We are also advocating for the upgrading of Buffalo Gap National Grassland, directly north of the reservation, into a Northern Plains unit of a proposed, first-ever Great Plains National Park. Right now, it is the site of the most successful endangered black-footed ferret reintroduction, and the U.S. Forest Service, which “manages” this national grassland for cattle grazing, wants to poison the prairie dog town upon which the black-footed ferret absolutely depends. According to the Native American Times, “The U.S. Fish and Wildlife Service and partners have spent millions of U.S. taxpayers’ dollars in recovery efforts for the black-footed ferrets. Grazing records indicate that the public lands in Conata Basin feed the equivalent of 700 head of cattle per year — even in non-drought years. At an estimated profit margin of $27 per head of livestock, millions of dollars spent on black-footed ferret recovery would be sacrificed for $19,000 of private profit per year. … The public has [until July 23] to comment on the poisoning plan before the Forest Service issues its final Environmental Impact Statement.”
Home on the range.
In Colorado, we are beginning work on the 55,000-acre Soapstone project, north of Fort Collins, where on this new open space that connects the mountains to the plains we are seeking to have bison restored. There is a 12,000-year-old human history on the land with the buffalo, and we need to continue that into the modern era while providing open space, a true wilderness experience, and multicultural youth education and leadership development programs for Colorado (and other) residents.

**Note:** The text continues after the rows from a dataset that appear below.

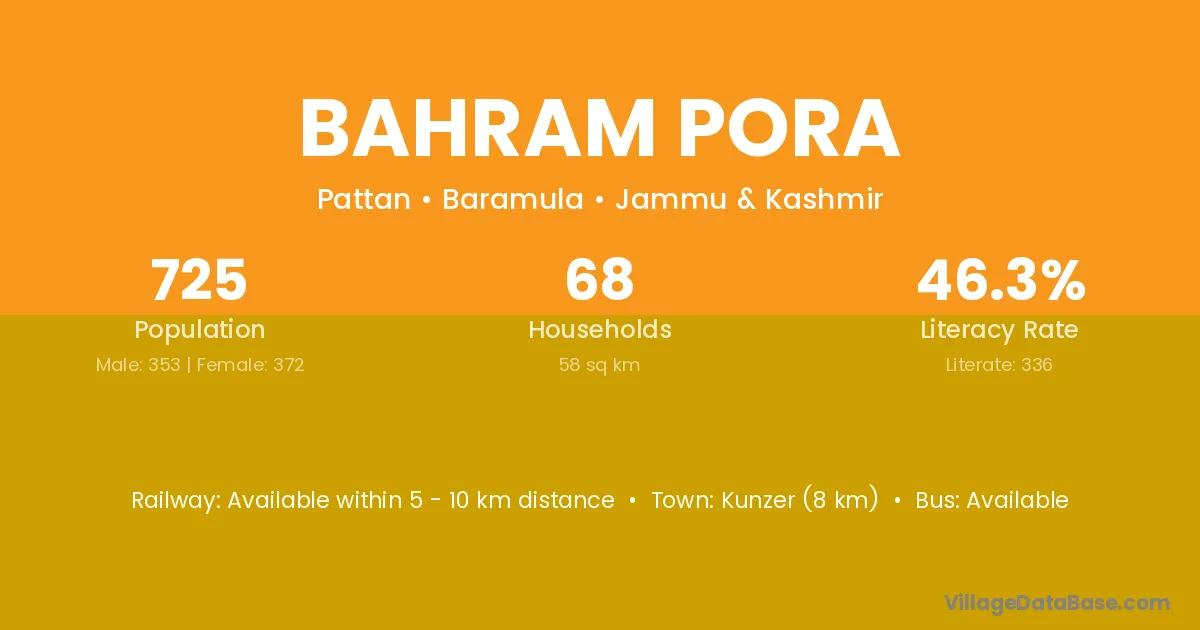 Kunzer (8 km) is the nearest town to Bahram Pora village for major economic activities and is located approximately 8 km away.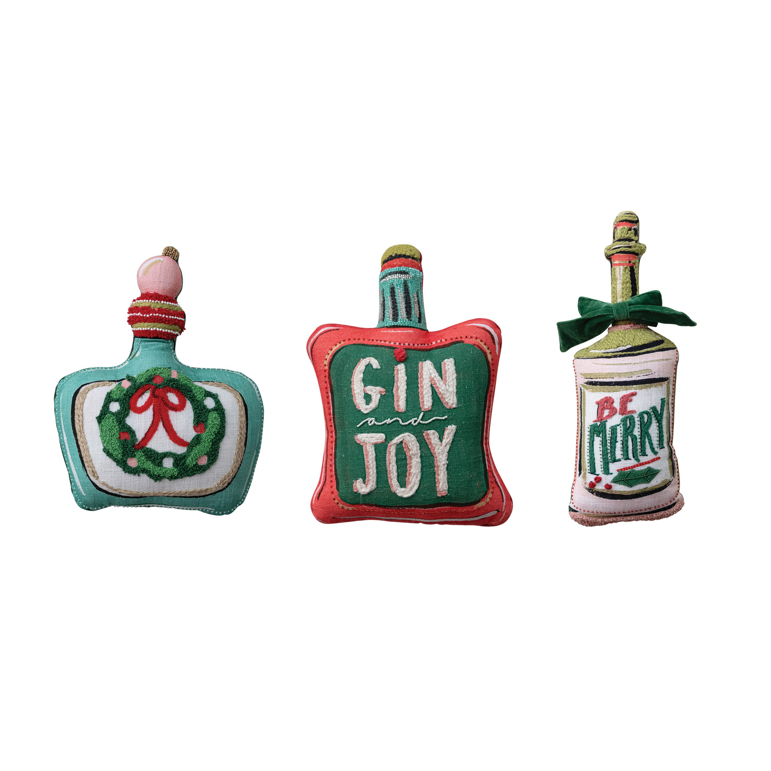 Catalog Name: 12"H - 18-1/2"H Cotton Printed Bottle Shaped Pillow w/ Tufting, Embroidery, Applique, Wreath/Bow, Beads & Velvet Back, Multi Color, 3 Styles ©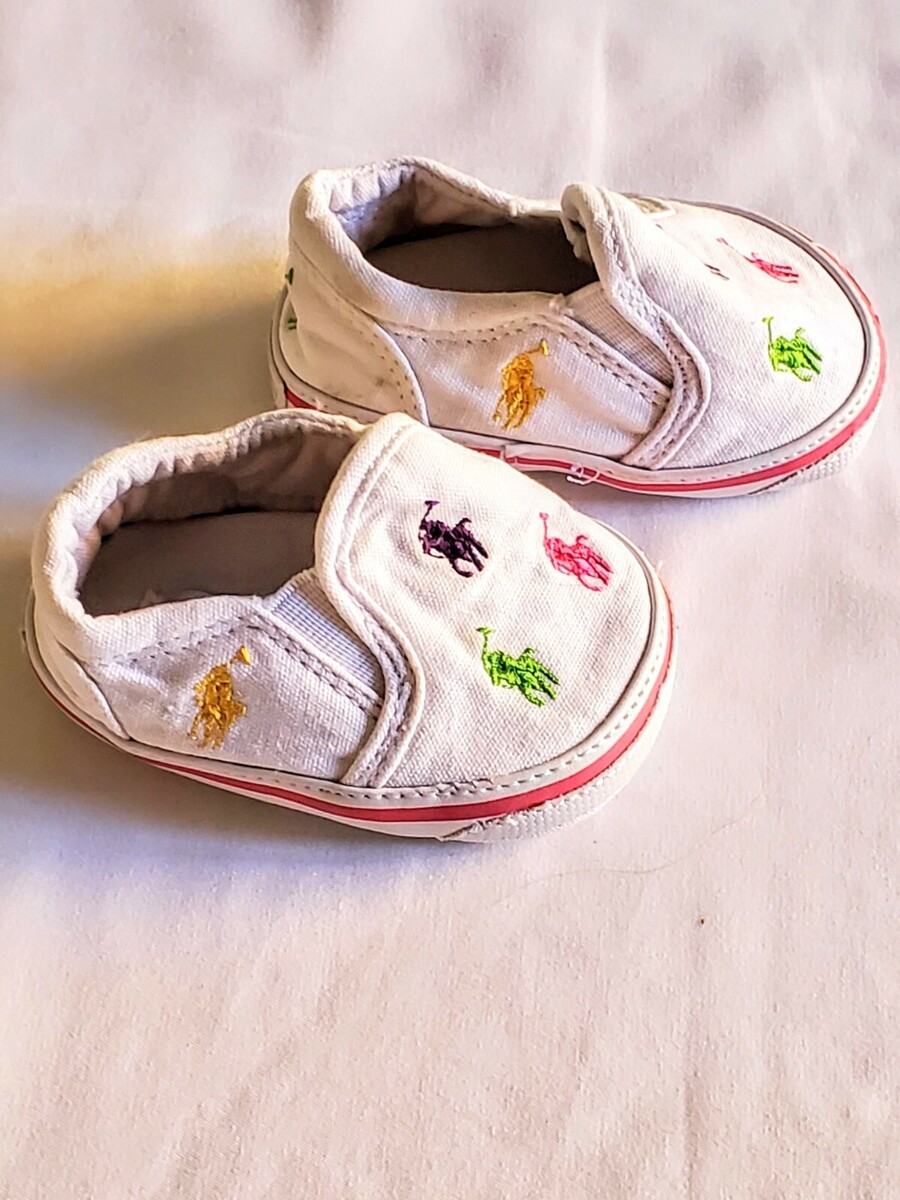 Ralph Lauren Baby Girl Pram Crib Shoes White Rainbow Pony Logo Embroidery 2 3-6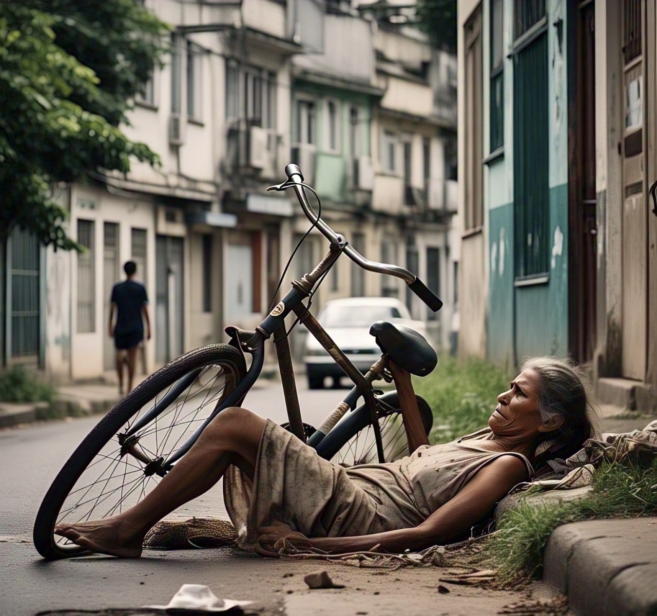 – Fui atropelada por uma bicicleta – respondeu a provável sem-teto (mentira minha, na época ela seria chamada de mendiga, de moradora de rua, no mínimo de indigente, mas foi o termo “mendiga” que veio à cabeça de Antônio). – Me feri naquela pedra – apontou para uma irregularidade no calçamento, perto do meio-fio. – Está doendo pra caramba!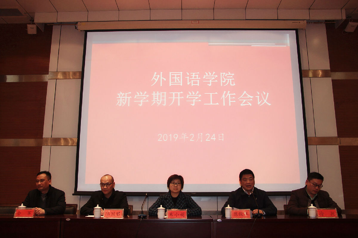 学院党委副书记、副院长陆国君全面回顾了寒假期间学院党务行政工作、学科与科研工作以及教学工作,并对新学期主要工作做出部署。他提出,2019年是全院上下贯彻落实学校第三次党代会精神的开局之年,也是迈出学院跨越赶超坚实步伐的关键一年。yl8cc永利官网要抓住机遇、主动作为,力争在2032年,全面实现“5030目标”(力争到2025年,yl8cc永利官网外国语言文学学科达到“软科中国最好学科排名”前50名,2032年达到前30名)、成功申报外国语言文学一级学科博士点、全面建成外国语言文学本科教学一流专业。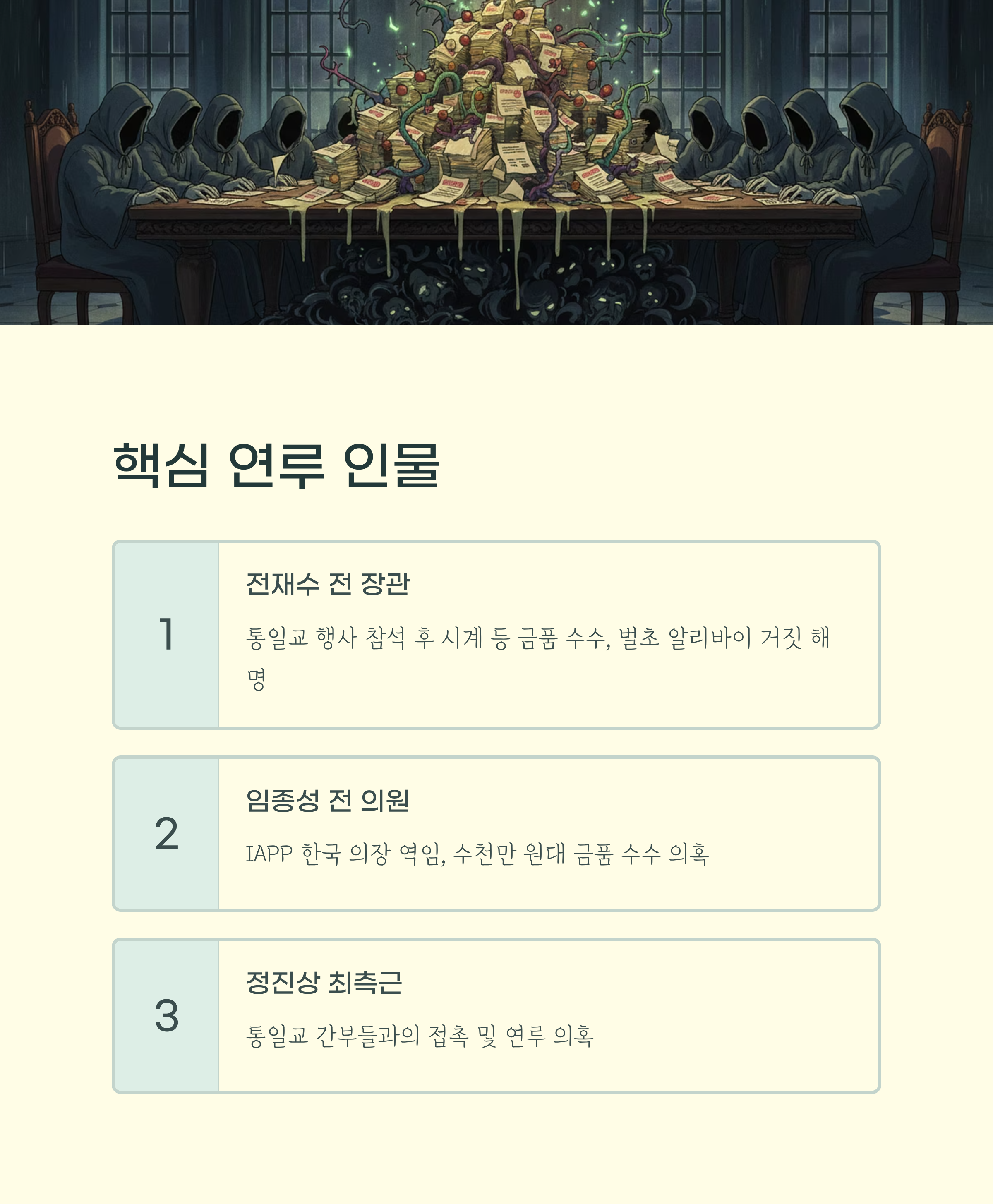 | 임종성 | 전 민주당 의원 | 통일교 산하 IAPP 한국 의장 역임, 수천만 원대 금품 수수 의혹 |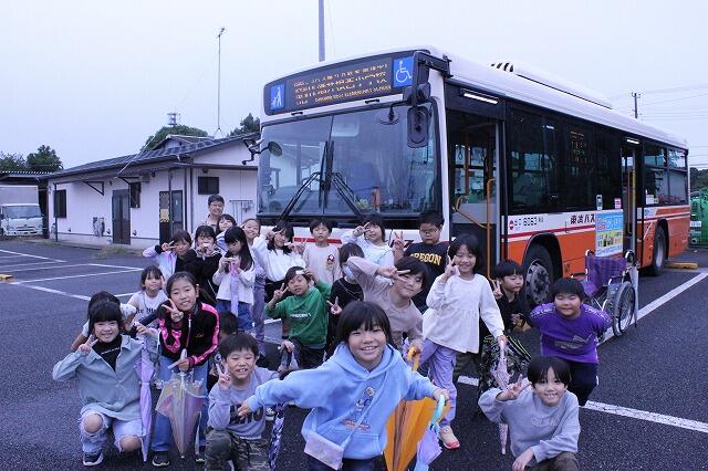雨模様ですが、楽しみにしていた校外学習です。雨でもみんな笑顔で元気です。

In Texas, we are in a pitched battle to save the 2,000-acre Fort Worth Prairie Park area, which is slated for bulldozing, and contains perhaps the richest diversity left in the endangered Fort Worth Prairie ecosystem. I have been all over the Great Plains and have never seen such a lush, beautiful prairie; its nearly 2,400 tallgrass native plant species mirror the richness of tropical rainforests. Our Black community has proudly taken an especially strong lead here and needs to be commended.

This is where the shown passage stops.